For context, editable wheels built under recent versions of setuptools/pip will not include these scripts (which is a pressing issue for DevStack) but for now they will still be present in non-editable wheels (using the latest pip (23.3.1), setuptools (69.0.2), and pbr (6.0.0)). I don't know how long this situation will last, however. As such, there's no real _cost_ to keeping things around but things will behave differently depending on your environment which will undoubtedly be a source of confusion.
Stephen
From an OpenStack-Ansible perspective quite trivial change would be needed to be done and I don't see any huge blocker with that.
Regarding Apache+mod_wsgi - well, you still can use Apache+uWSGI
"ProxyPass / uwsgi://127.0.0.1:5000" for instance. But if we really want to support Apache+mod_wsgi then some example script should be placed somewhere to ease life of those who decide to deploy OpenStack manually.
ср, 6 дек. 2023 г. в 12:01, Stephen Finucane <stephenfin@redhat.com :
o/
For anyone that hasn't been following along, there are changes
coming down the
line in the Python packaging world that look likely to break pbr's 'wsgi_scripts' entrypoint functionality. As things stand, if we do nothing then at some point these auto-generated scripts will no longer end up in 'bin' when pip installed (as we do with e.g. DevStack).
> From where I'm standing, we appear to have two options: we can either invest time in pbr to re-implement this functionality from scratch, or we can drop the idea of auto-generating wsgi scripts from our packaging tool and instead start using module paths. Having looked at the former, I suspect it is going to be a *lot* of work that will require implementing our own PEP-517 compatible build backend instead of cribbing setuptools' one as we do now. Personally, I don't think this is a good investment of anyone's time, and it gives us more stuff to maintain for the many years ahead (Did you know that pbr *still* technically supports Python 2. Fun story that). As such, I think we should instead look to the former.

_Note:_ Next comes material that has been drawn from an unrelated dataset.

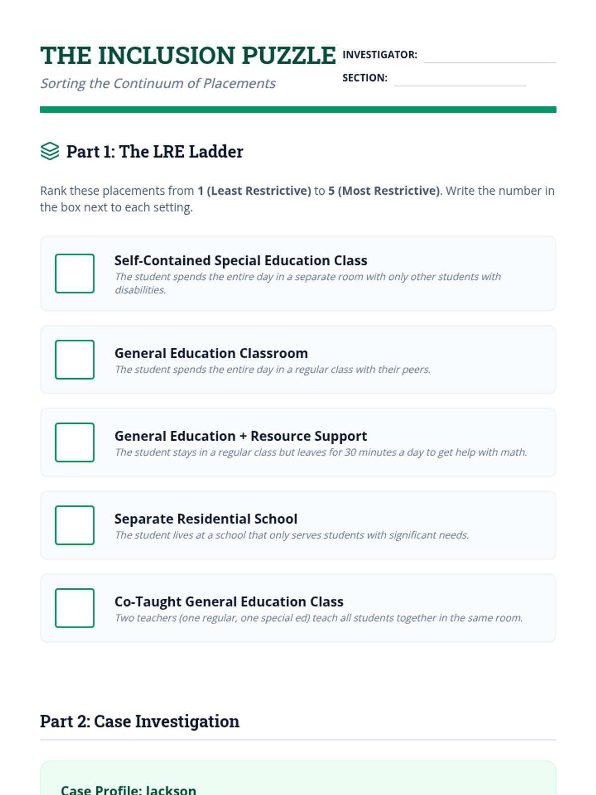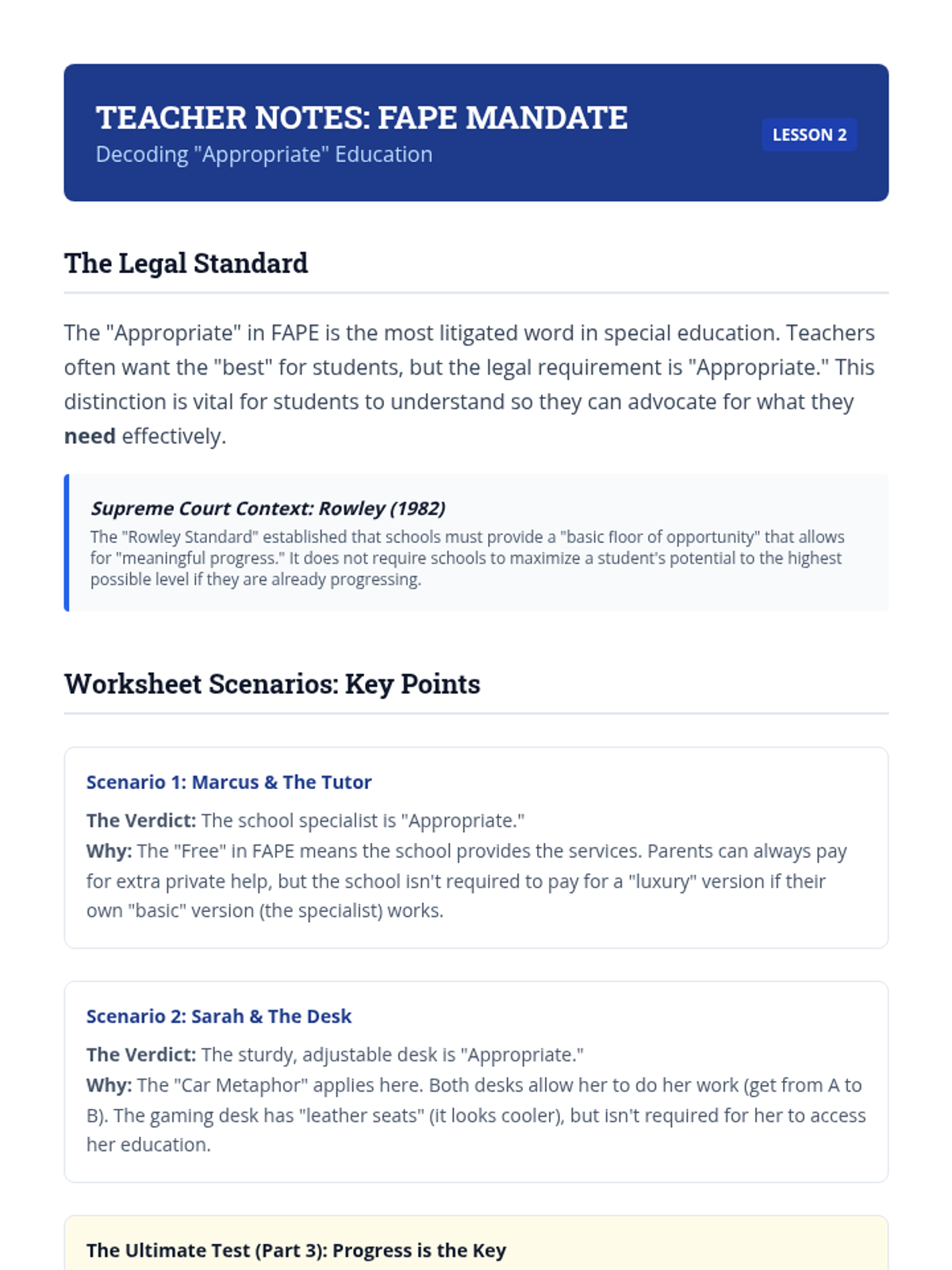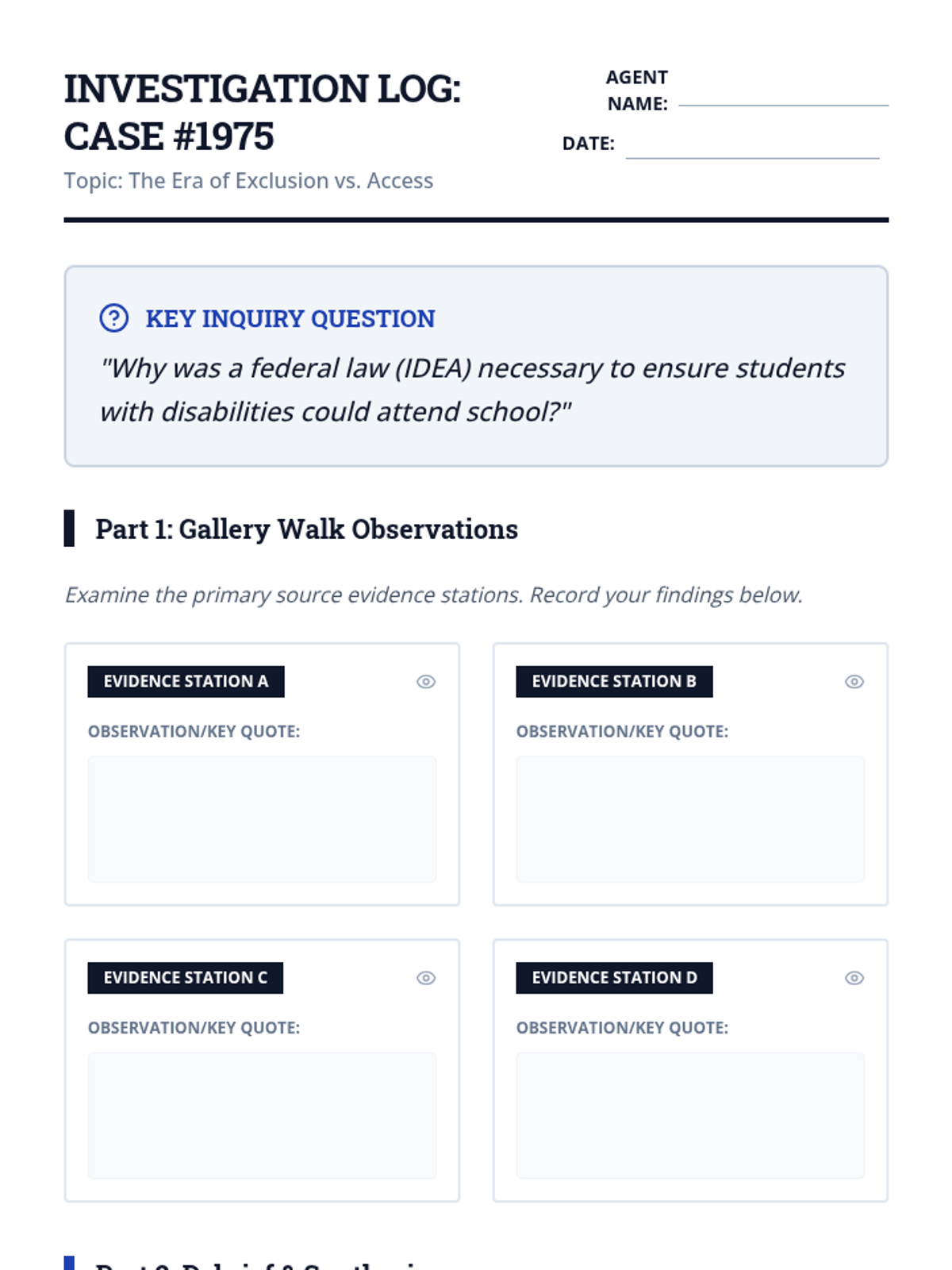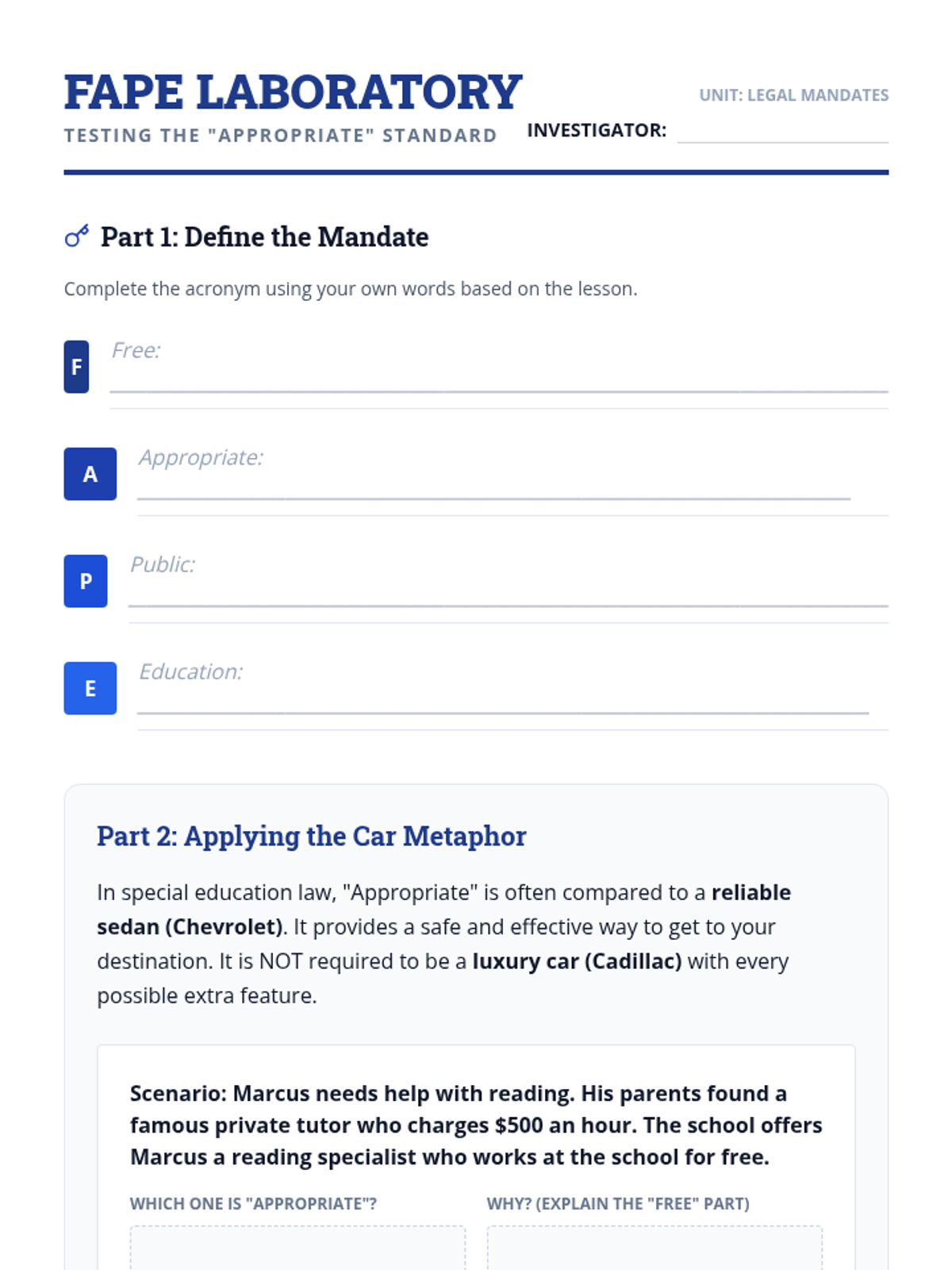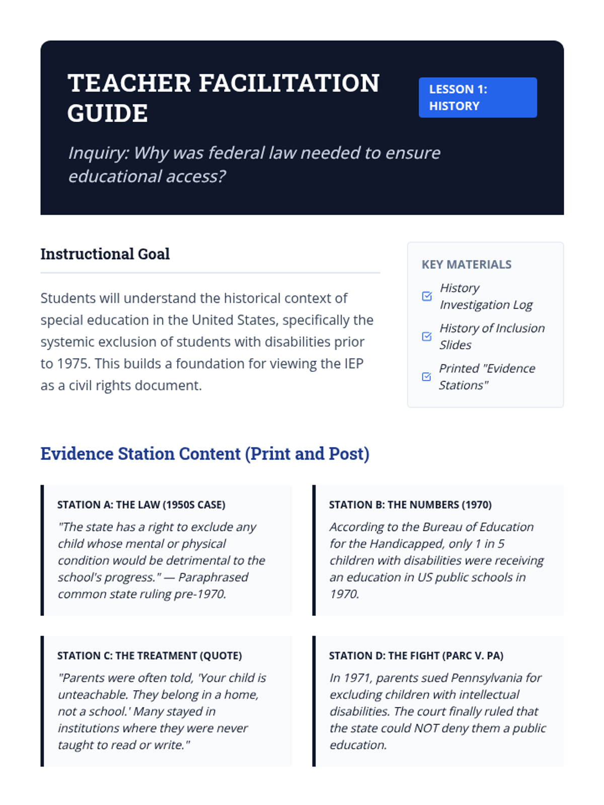 An inquiry-based exploration of the Individuals with Disabilities Education Act (IDEA), focusing on the historical context, civil rights framework, and core mandates like FAPE and LRE. Students investigate education as a civil right and the legal protections afforded to them.

I've proposed some patches for Nova [1][2], which I am hoping will provide a blueprint for the other services, and patch for DevStack to enable the new Nova functionality [3]. As you'll see, these patches are relatively small and hopefully easy to grok. The biggest downside I see to this approach is that tooling which deploys Apache+mod_wsgi rather than uWSGI used by e.g. DevStack will need to start packaging their own wsgi script. This is because mod_wsgi does not appear to support configuration by module paths. On the flipside, gunicorn does not support configuration by wsgi script so we get
with that for free.
I would like to hear other's opinions on this approach. As this
is something
that likely affects all services, I suspect that if there's consensus that this is the correct way to go, there should probably be a small goal drafted for the current cycle. In my opinion, it would be good to do the migration consistently: in nova's case, I have proposed placing wsgi objects in the 'nova.wsgi' module and IMO if all projects could adopt the same convention we would make the lives of our deployment tooling colleagues easier.
Please do let me know if you have any questions or concerns.